И их реки начинали течь в одном направлении, вместе, из отдельных рукавов сливаясь в один самодовольно шумящий поток.
Или это кровь шумела в ушах? Или девица за стеной, наконец, устала ломать комедию, и затихла, деловито подмываясь из нарочно оставленной для таких нужд миски, и облачаясь в свои символические одежды так же быстро, как наверняка разоблачилась по первому слову десятого за ночь Господа Бога?
Рубикон был перейден, когда потресканные от старых, может быть, полузабытых уже поцелуев губы нашли кромку уха – сперва несмело, после – согревая слух плотным прижатием. Уилл сказал то, что думал, и несколько легионов его мыслей, слов, метаний, страстей и слабостей омочили щиколотки в неглубокой, но быстрой речушке.
Шепот можно было принять за шум крови, шум камушков, растревоженных горячей водой, шелест чуть сползшего одеяла, вздохи бедолаги Дика, оказавшегося куда более чутким, чем им обоим того хотелось.
Но Кит ответил.
Найдя запястье Уилла – опору там, в глубинах постели, ближе, ближе к телу. Задохнувшись на мгновение – но все же слишком надолго, – оттого, как проворно его рука вызвала низменный, неизменный, правдивый плотский отклик. Вытянувшись так, чтобы их тела прилегали друг к другу как можно плотнее – чтобы их пот стал единой водой очередного рубежа, чтобы оставшийся клочок льна на прижатых к бедрам бедрах показался ненужным мостом, могущим лишь помешать безрассудству.
– И как же ты хочешь меня, мой храбрый Орфей? – снова прошелестел шепот, такой же вкрадчивый, как единственный, экономно отставленный в дальний угол огонек, чьей мощи хватало от силы на ступни Дика, потирающиеся друг о друга под слишком коротким для его роста вторым одеялом. – Я знаю, что это было бы безумием – но не большим, чем все остальное, что мы делаем и еще намереваемся сделать… Потому – тебе стоит только попросить, чтобы я принес в жертву свою способность ходить завтра… Представь себе – погибнуть из-за медлительности изможденного любовью друга, накануне взяв от него все, что он может дать… Нелепая, театральная, достойная нас обоих кончина…

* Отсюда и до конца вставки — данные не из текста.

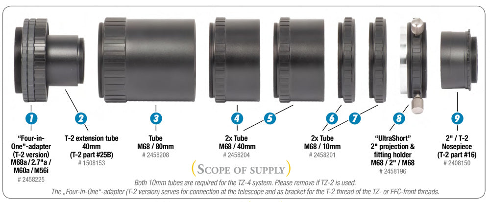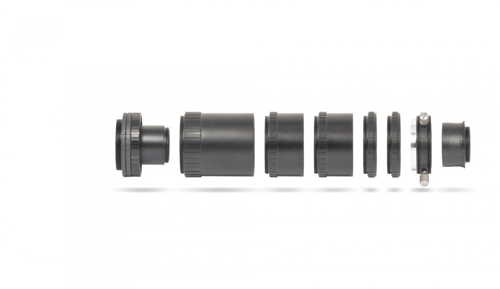 The seperate extension tubes enable you to use the system with variable length according to the needs of your setup to achieve the best resultsuse every distance. At the same time, stray light is blocked – no light from the outside can diminish the contrast, and the inside of the telecompendium is carefully blacked.
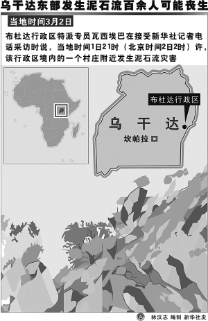 新华社坎帕拉3月2日电(记者田野 陈静)乌干达红十字会2日说,乌干达东部布杜达行政区当地时间1日晚发生的大规模泥石流已造成至少50人死亡,约300人失踪。
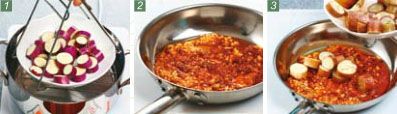炒锅中加热少许香油,倒入八角、蒜末、姜末爆香,放豆瓣酱炒均匀,再入茄子煸炒,炝以料酒,加少许清水焖一会儿,这样更易入味。
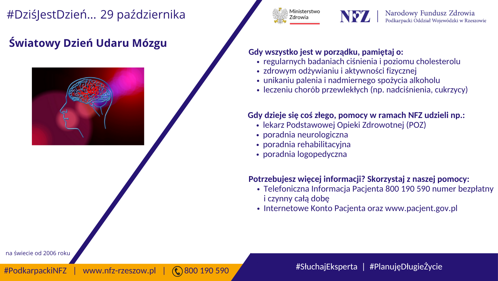 Info NFZ: 29 października to Światowy Dzień Udaru Mózgu.

Кит говорил, едва шевеля губами. Изгибался, чтобы поясницей и ягодицами почувствовать – вот оно, живое свидетельство того, что его слышат. Но он и сам себя не слышал, замолкая, опять возобновляя свое течение, крадя бесплодную истому у первой встречной гулящей кошки, а попытки приструнить разползающиеся во все стороны мысли – у самого себя.

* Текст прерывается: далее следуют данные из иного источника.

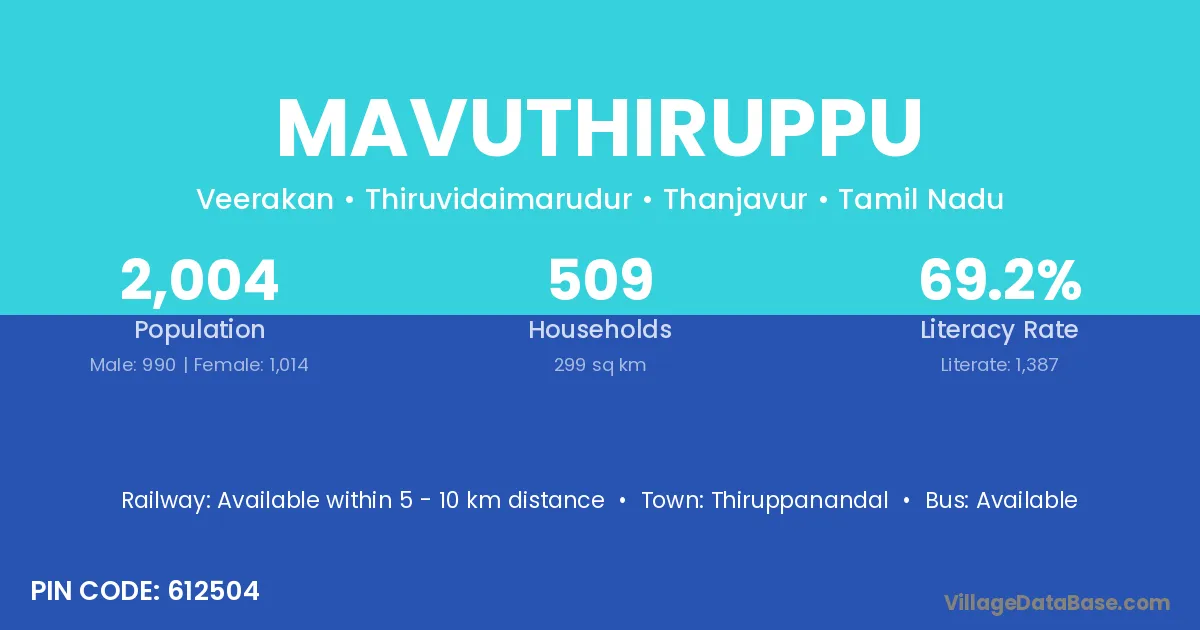 Mavuthiruppu village has a total population of 2,004 people, of which 990 are males and 1,014 are females.
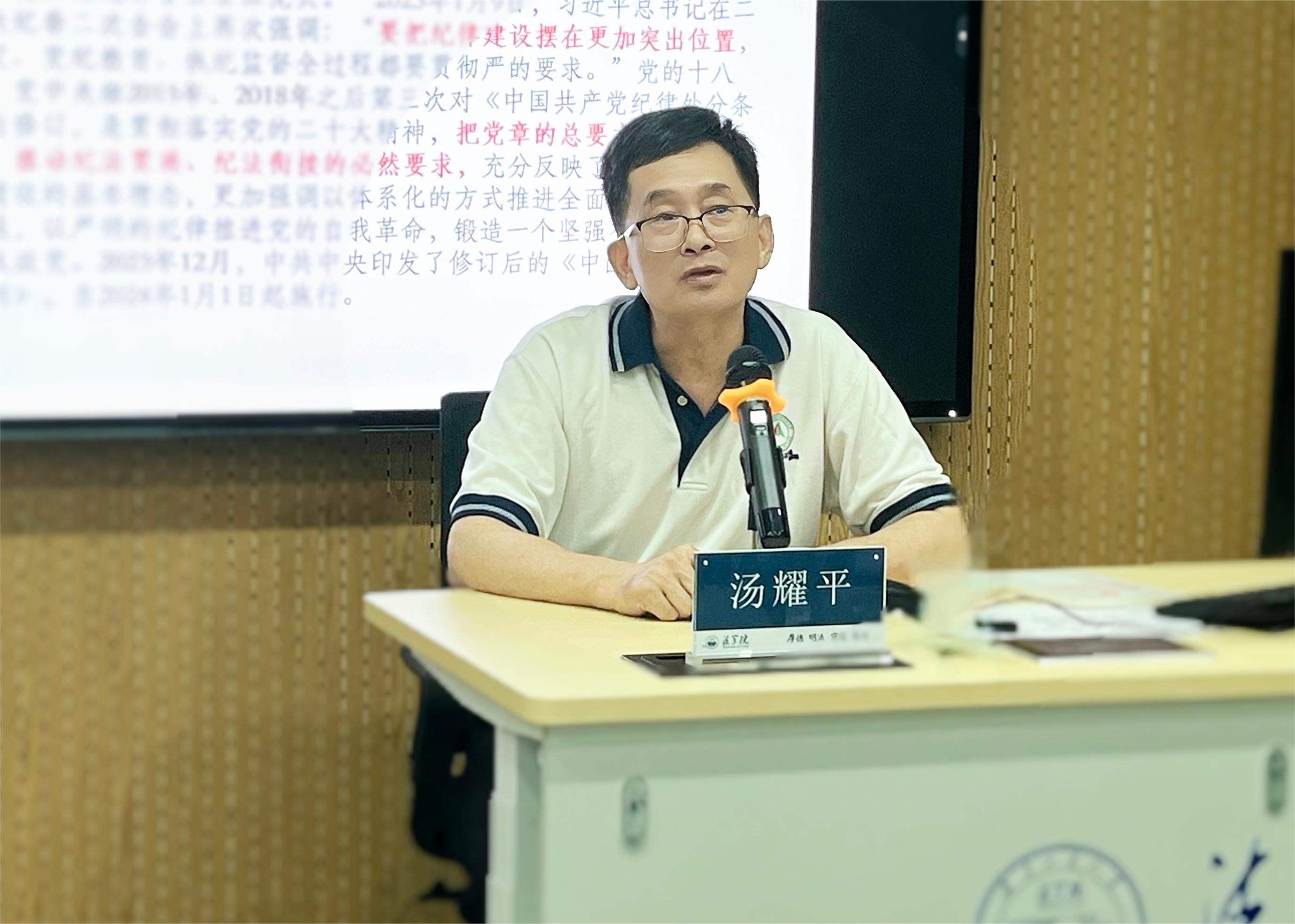 为深入开展党纪学习教育,做好新时代发展党员与党员教育管理工作,5月30日,学院特邀学校关工委副主任汤耀平教授作题为《党纪严于国法 把纪律挺在前》的专题辅导报告。学院党委书记黄斐斐、副书记陈嘉、组织员靳挺宇、各学生党支部党员及入党积极分子60余人参加。

– Сегодня я был зол на тебя, о, любовь моя, как я был зол… А ты знаешь, что бывает, когда меня обуревает это чувство… Но это так похоже на страсть – желание, засевшее в тебе огненным стержнем, управляет тобой, а ты становишься его рабом – как люди мнят себя рабами Господа… Это – моя религия… То, что я обнажаю себя для тебя – мое богослужение…
Он обернулся назад – и громко выдохнул под блеющий скрип кровати:
– Давай, Уилл, смелее, ну же… Вот она – свобода, о которой ты однажды сказал мне, помнишь?

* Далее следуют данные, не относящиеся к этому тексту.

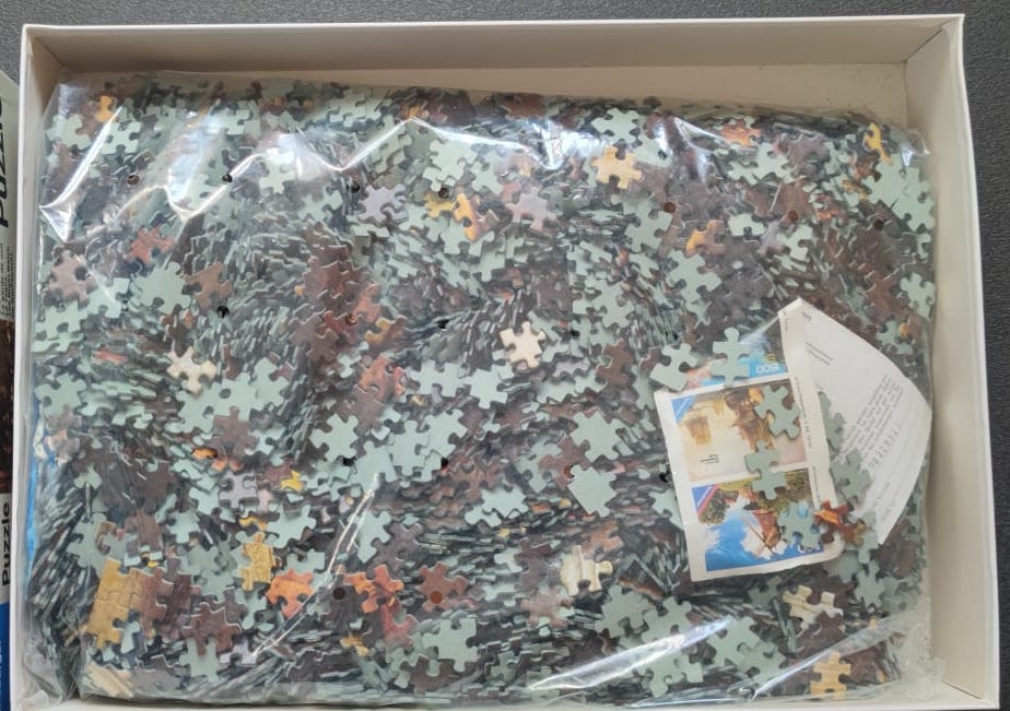 The puzzle is like NEW, with all the pieces SEALED inside the original plastic bag. The box is in very good condition, with some shelf wear.

Но ответил ему не Уилл, а Дик, грузно перекинувшийся на другой бок – так, чтобы оказаться лицом к лицу с кроватью и всем, что на ней затевалось.
– Знаешь, Кит, – осторожно начал он. – Я вот не считаю, что дружбу… ну, это… дружбу Эдуарда с Гавестоном стоит показывать… так. Почему тогда мы не показываем, как Мортимер задирает юбки королеве? Если рассказать людям о рыцарственном братстве, которое принимают за нечто другое, нездоровое, дурное… может получиться лучше. Никто не знает, как все было на самом деле… Имеем ли мы право утверждать, что нам это известно?..
***
Как хочу?
Как это было у нас не далее сегодняшней ночи, на тебе, под тобой, внутри тебя, – отвечал Уилл, молча, всем собою, явным и сокровенным: током крови, начавшим подниматься естеством, блуждающими по телу Кита, не знающими покоя руками, участившимся дыханием, выступившей над верхней губой испариной.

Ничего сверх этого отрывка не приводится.